Seit dem 1. Mai ist in den Niederlanden ein Gesetz in Kraft, das Ausländern den Zutritt zu Haschisch-Cafés untersagt. Sie dürfen nur als geschlossene Clubs weitergeführt werden. Mitglieder können allein Erwachsene mit Wohnsitz in den Niederlanden werden.

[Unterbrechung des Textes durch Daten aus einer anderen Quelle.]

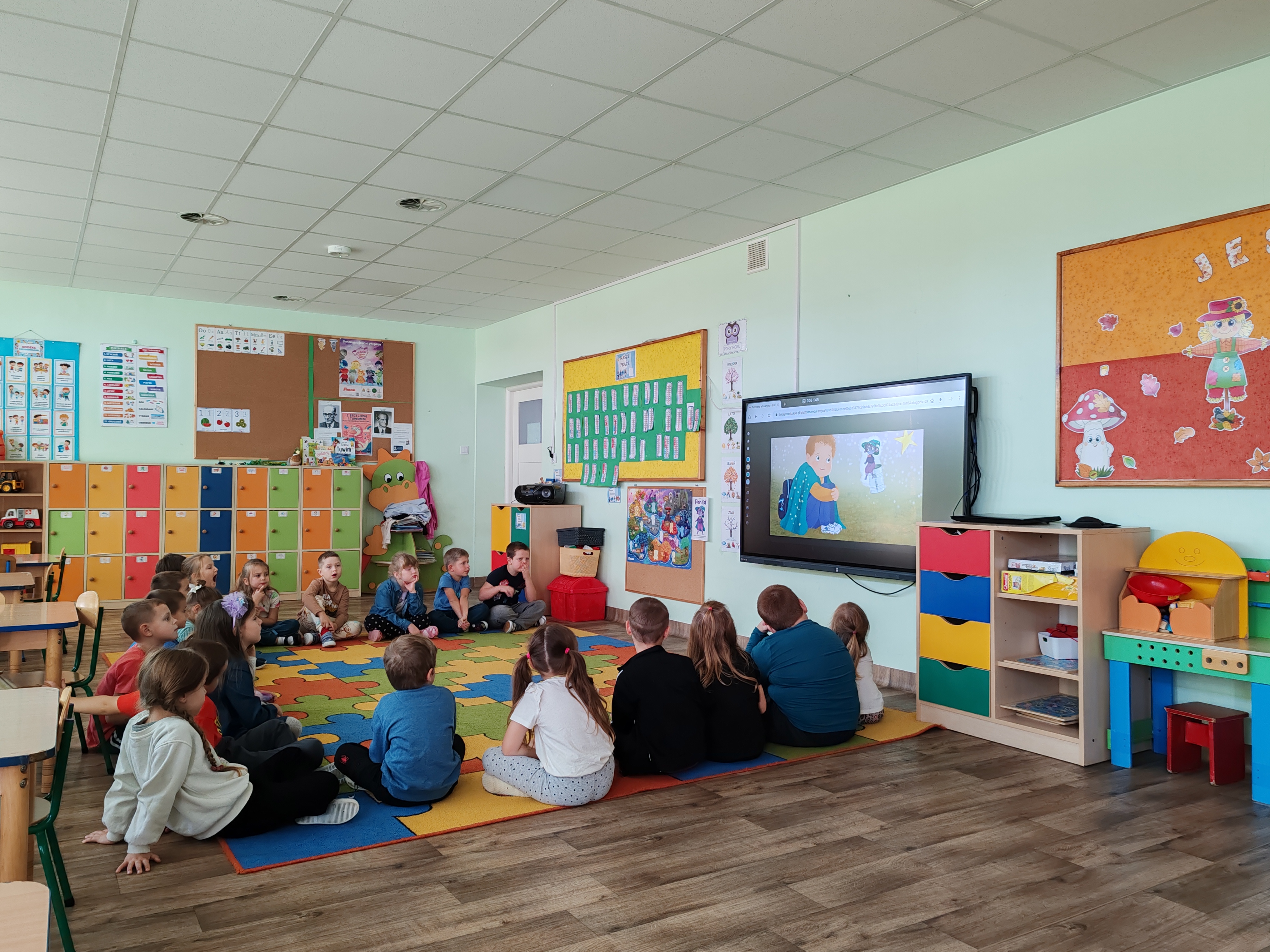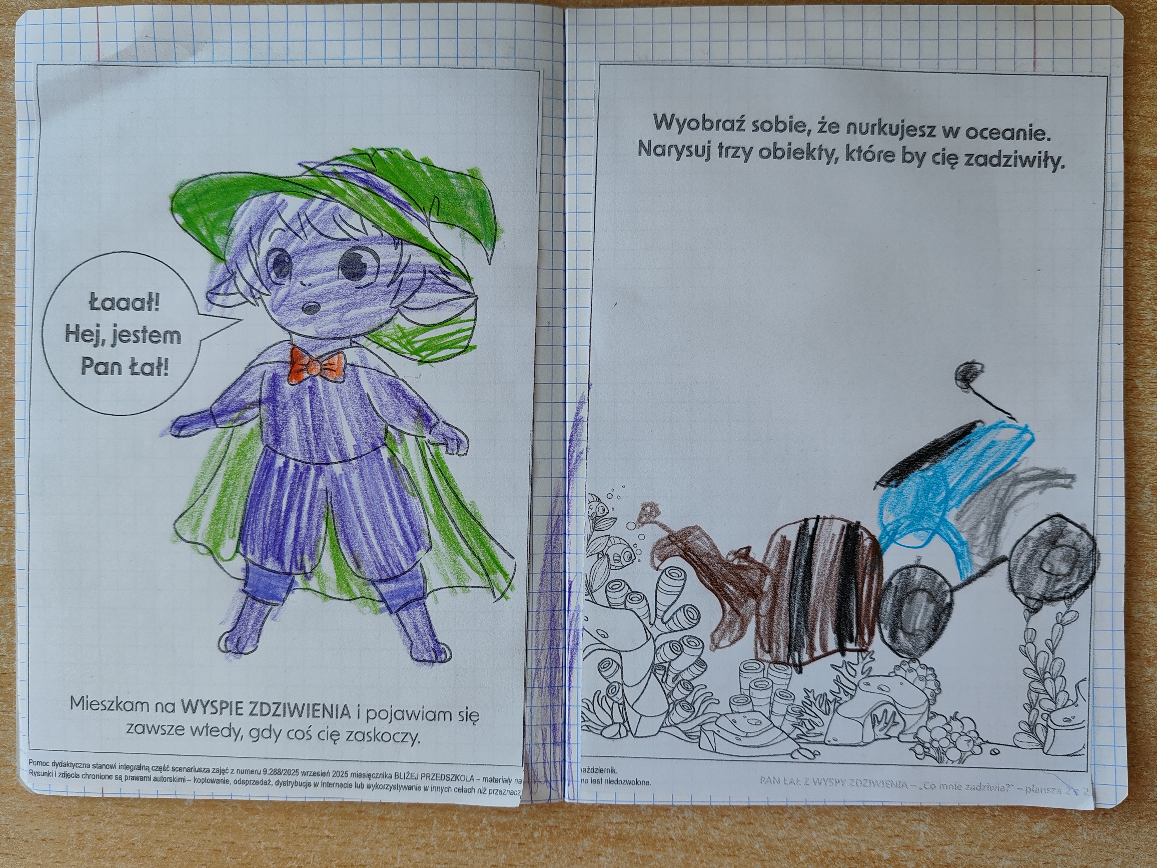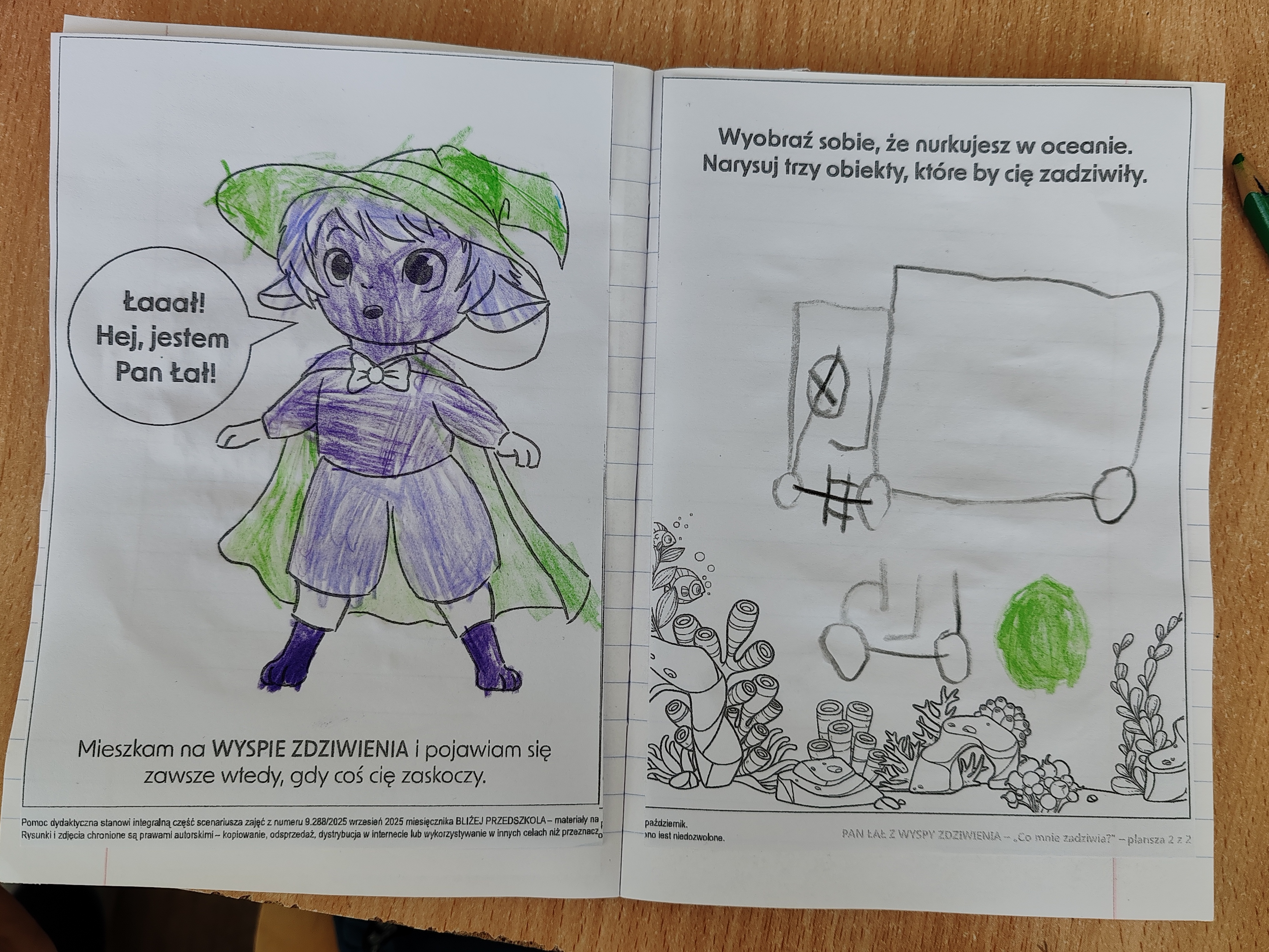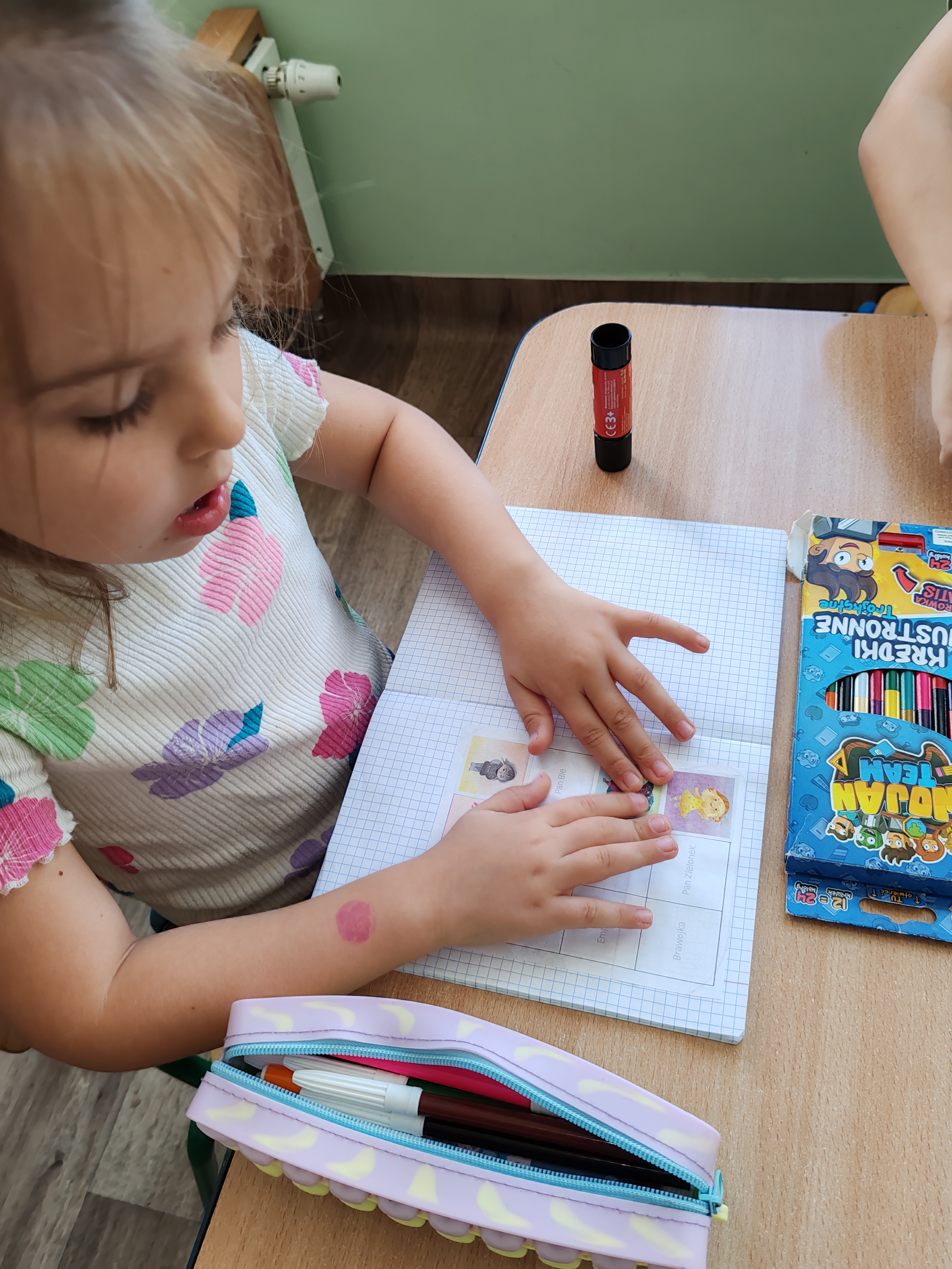 Dzisiaj na zajęciach SMERFY poznały opowiadanie z nową emocją - zdziwieniem. Bohaterem dzisiejszych zajęć był Pan Łał. Dzieci obejrzały film dotyczący zdziwienia, oglądały dwa doświadczenia, które je zdziwiły, wyrażały zdziwienie ruchem oraz mimiką twarzy. Pod koniec zajęć wykonały pracę plastyczną.

Bislang gilt das Gesetz in den drei südlichen Grenzprovinzen Zeeland, Nord-Brabant und Limburg. Im Rest des Königreichs tritt die Regelung mit polizeilichen Kontrollen erst am 1. Januar 2013 in Kraft. Die Clubs dürfen jeweils bis zu 2000 Mitglieder haben. Doch laut Smeets zögern viele Niederländer, sich dafür registrieren zu lassen.

"Lediglich ein kleiner Prozentsatz der alten Kunden kommt noch", beklagte der Sprecher. Es gebe große Umsatzeinbrüche. Laut Smeets beschäftigten die Coffeeshops früher insgesamt rund 4500 Menschen. Mit der Ausweitung des Gesetzes auf das gesamte Land seien weitere Massenentlassungen zu befürchten. Für die Betroffenen sei es schwierig, neue Arbeit zu finden: Eine frühere Tätigkeit in einer Haschisch-Kneipe mache sich nicht gut bei Bewerbungen.